I am not trying to be prescriptivist here and whine about verbing of
"foreground". But I /can/ give a self-proclaimed English poetry expert a
hard time about the style of his own prose--especially when what he's
really trying to say is that he puts the US front and center because of
its cultural imperialism (which is really just a large tumor on English
cultural imperialism that prevailed until WWI).
The ridiculousness of this bush-league prattle borders on the sublime
when Rader quotes his correspondents in earlier posts, which the
"project" was still in development:
> * I laughed the hardest at bthogan's post, who, though writing from
> Philadelphia, asked us to look to England:
>
>> Let's not neglect John Lillison, England's greatest one-armed poet
>> (and the first person ever to be hit by a car; he died). Whom among
>> us can forget "Pointy Birds"?
>>
>> Oh pointy birds
>>
>> O pointy pointy
>>
>> Anoint my head
>>
>> Anointy-nointy
>>
This is nonsense, I tell you! (The "Whom" was a dead giveaway...)

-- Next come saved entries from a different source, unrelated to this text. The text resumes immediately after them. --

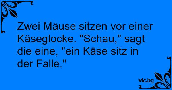Zwei Mäuse sitzen vor einer Käseglocke. "Schau," sagt die eine, "ein Käse sitz in der Falle."
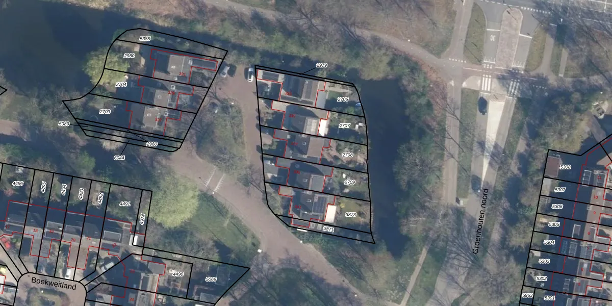 Gebruik de zoekbalk of klik op een perceel voor informatie over de adressen binnen dit perceel.
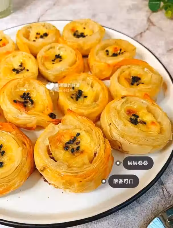 2.刷點蛋液,撒點芝麻,送入i3烤箱中層、190度烤20分鐘至表面金黃。
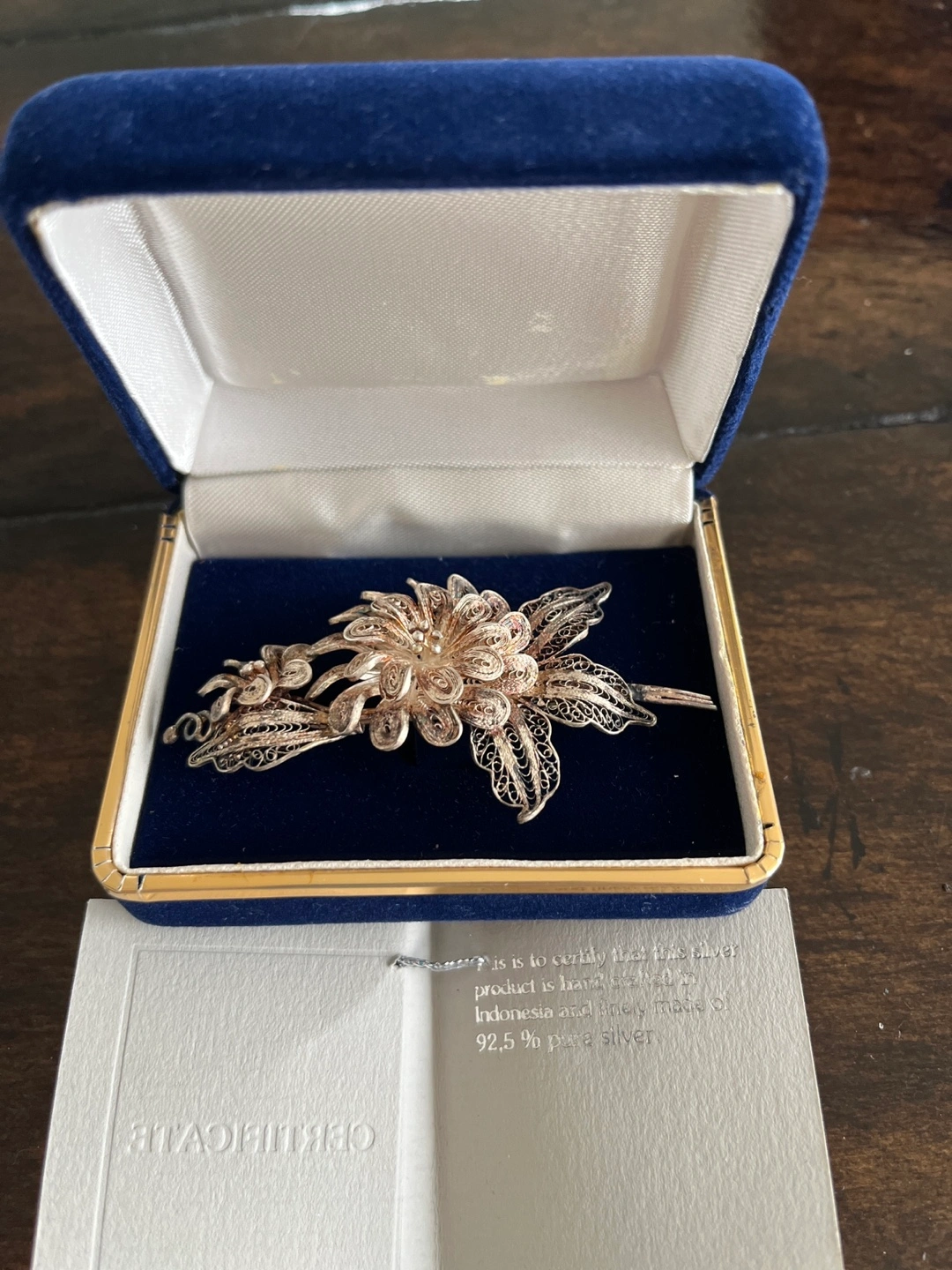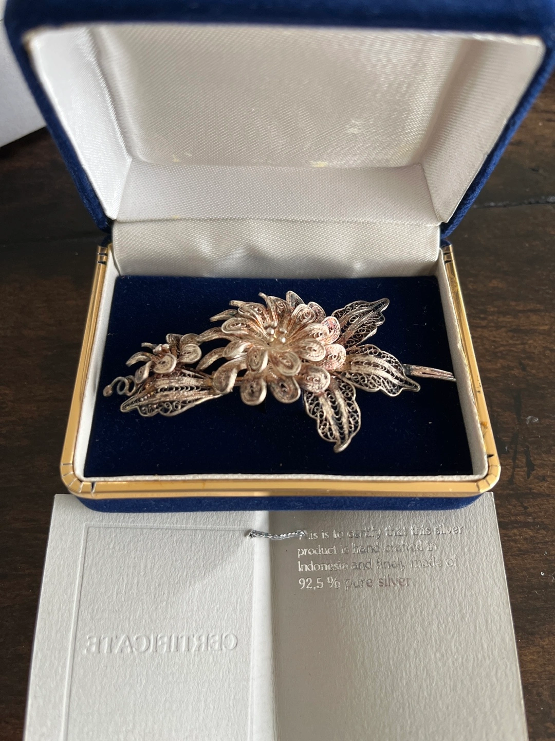 Beautiful vintage brooch. Intricate filigree design. Floral motif. Comes in original box with certificate. 92.5% pure silver. Made in Indonesia.

Everyone knows that the world's first road death victim was Bridget
O'Driscoll (or was it Bridget /Driscoll/?) in 1896. The poor woman, 44,
desperately tried to defend herself with an umbrella against an
onrushing car, speeding at 2 miles per hour. At the inquest, Coroner
William Morris classified the incident as an accidental death but
allegedly said, "Such a thing should never happen again."
Wiki does one better:
> The world's first road traffic death involving a motor vehicle is
> alleged to have occurred on 31 August
> 1869.^<http://en.wikipedia.org/wiki/Traffic_collision#cite_note-48> An
> Irish scientist Mary Ward died when she fell out of her cousins' steam
> car and was run over by it.
This, however, was not someone "hit" by a car. Still, it leaves me
wondering what early drivers had against Irish women.
(In case you're wondering what's going on, John Lillison was a fictional
poet quoted in The Man With Two Brains. I'm not sure Rader knows this.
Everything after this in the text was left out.